Thanks for the update, Stockton fair grounds and the Good Guys shows are the only other ones that I can think of.


----------



## A.S.BOLTNUT (May 18, 2022)

Fabulous ,simply Fabulous. 


jesus said:


> Thanks for the update, Stockton fair grounds and the Good Guys shows are the only other ones that I can think of.



When's the next one at the fair grounds?


----------



## BFGforme (May 18, 2022)

A.S.BOLTNUT said:


> Fabulous ,simply Fabulous.
> 
> When's the next one at the fair grounds?



Google it


----------



## 49autocycledeluxe (May 18, 2022)

A.S.BOLTNUT said:


> Fabulous ,simply Fabulous.
> 
> When's the next one at the fair grounds?

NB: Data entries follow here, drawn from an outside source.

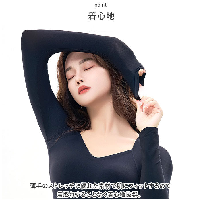 ・薄手のストレッチに優れた素材で肌にフィットするので着膨れすることなく着心地抜群。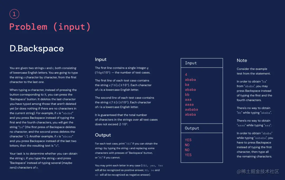 步骤 1: 将问题输入 AlphaCode。在这个示例中,要求在不输入字母的前提下,通过 Backspace 键将一个短语转换成另一个短语。
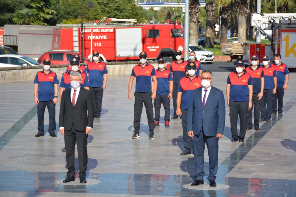 Kdz Ereğli Belediyesi İtfaiye Müdürü Muhammet Ali Ateş, yaptığı konuşmada pandemi koşulları nedeniyle bu yıl kutlamaları sınırlı tuttuklarını belirtti. Kdz. Ereğli Belediye İtfaiyesi’nin 200 bin nüfusa hizmet verdiğini anlatan Ateş, şunları söyledi;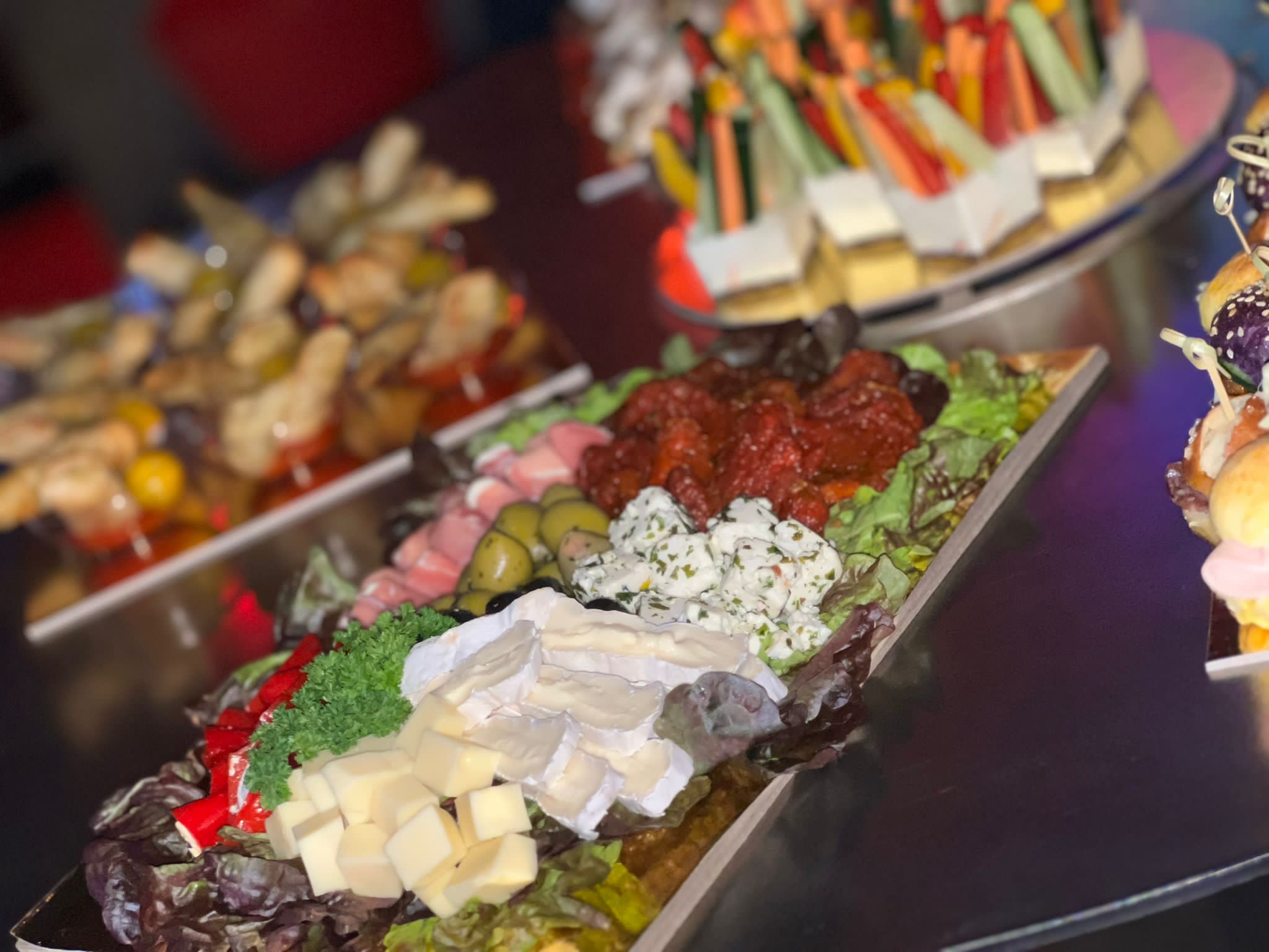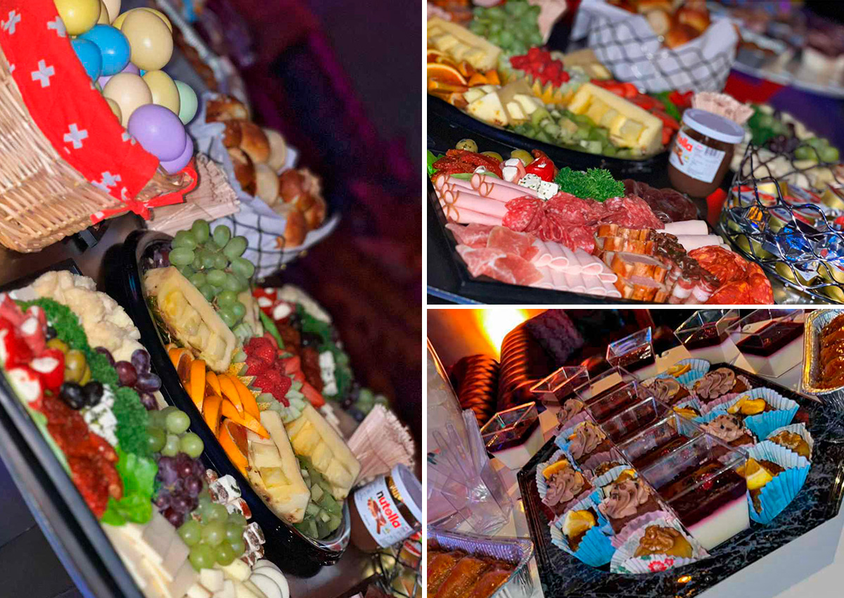 Zwischen Bar, Bühne, Sofas und Kücheneingang standen zwei Tische mit dem Buffet. Kalte Platten, Brot und Beilagen waren übersichtlich, aber hochwertig angerichtet. Käse, Aufschnitt, Speck, Salami und Bündnerfleisch in einer ausgewogenen Auswahl.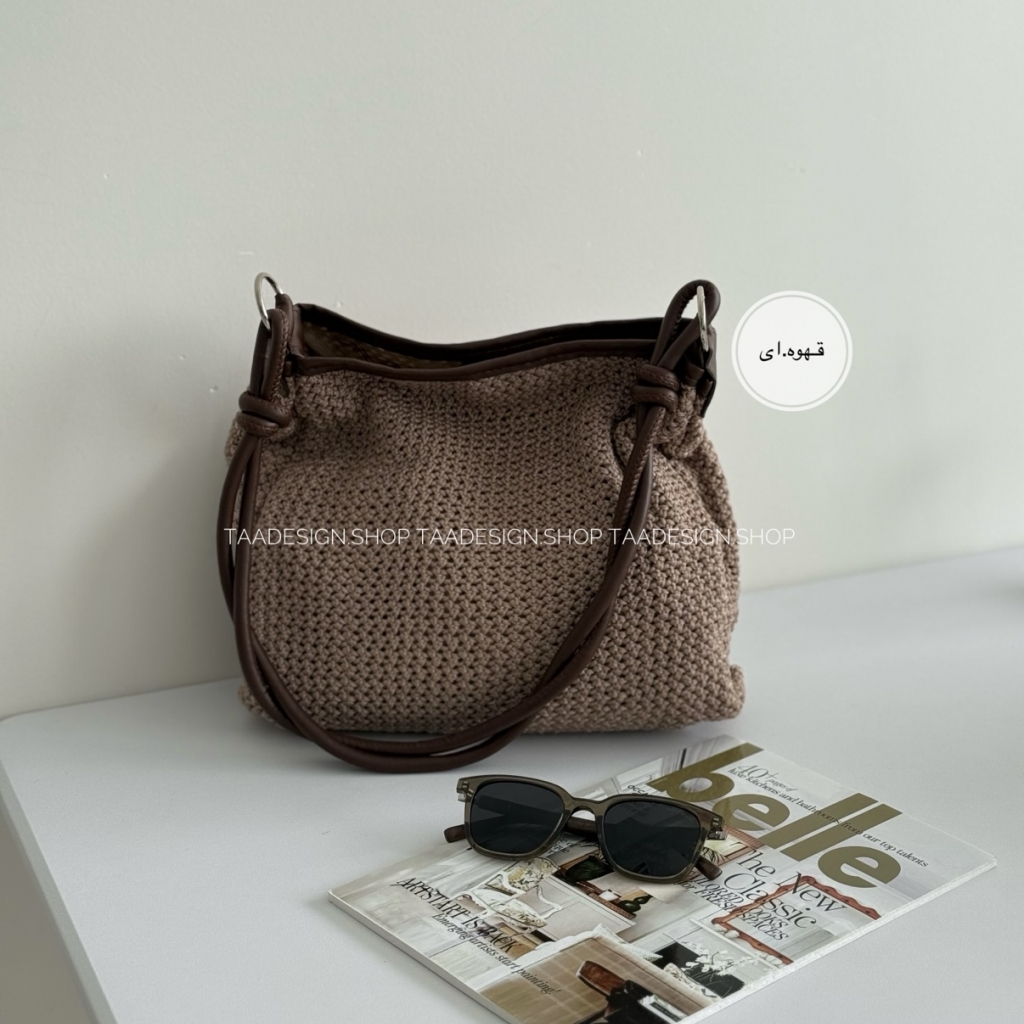 کیف سوزان رافیا در رنگ های مشکی، کرم روشن و نسکافهای موجود است.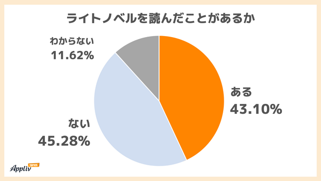 ライトノベルを読んだことがあるのは43.10%。20代男性は61.45%。
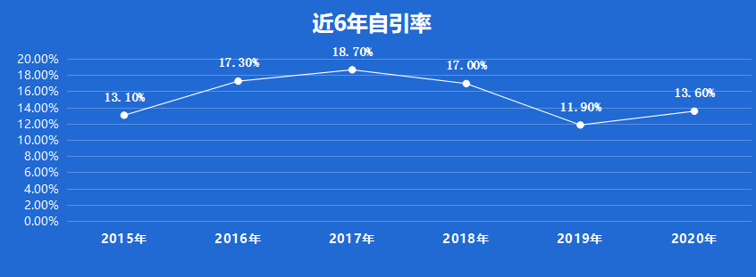 Developmental and Comparative Immunology近6年自引率均最高2017年为1.7%,相对较高;2020年自引率为13.6%,虽然不算很低,但也还在安全线内。

NOTE: I am reading these dates off my calendar. not a flyer. be sure to double check. they are put on by the same group.

Stockton is July 10th. 

there is a small swap in Manteca behind Bass Pro shop July 24th. 

*car swaps with bikes


----------



## Livmojoe (May 18, 2022)

Next GoodGuys in Pleasanton is June 4/5 (car show with swap meet) and there will likely be another Hooligan’s Swap in Sacto sometime this summer.
@acurint Any update on the next swap?


----------



## jesus (May 24, 2022)

Thanks for the update


----------



## mr.cycleplane (May 25, 2022)

Marin Cycles Swap Saturday June 4th, 2022 | Swap Meets, Events, Rides
					

Here's one more Nor Cal swap coming up.  It's held at the Marin Museum of Bicycling in Fairfax, CA.  I went last year and found some good stuff, yet unfortunately I can't make it this year.  It's an eclectic mix of road, mountain, klunker, and balloon bikes/parts.  The museum is also pretty cool...




					thecabe.com
				




@jesus -this is a about a week and a half out


----------



## Livmojoe (Aug 9, 2022)

Figured this one needs a bump too.  @JAF/CO is this Oct 1st date still good for this year?  This is THEEE can't miss vintage bike swap in Nor Cal.


----------



## JAF/CO (Aug 9, 2022)

Still good don’t be late because the 
early bird gets the worm !!


----------



## SJ_BIKER (Aug 9, 2022)

What's the record for the earliest bird? Or I guess I should ask what's a early bird good time for arrival?


----------



## JAF/CO (Aug 10, 2022)

SJ_BIKER said:


> What's the record for the earliest bird? Or I guess I should ask what's a early bird good time for arrival?



I am there at 5:00 AM


----------



## JRE (Aug 11, 2022)

I was waiting outside the gate at 4:30 lol


----------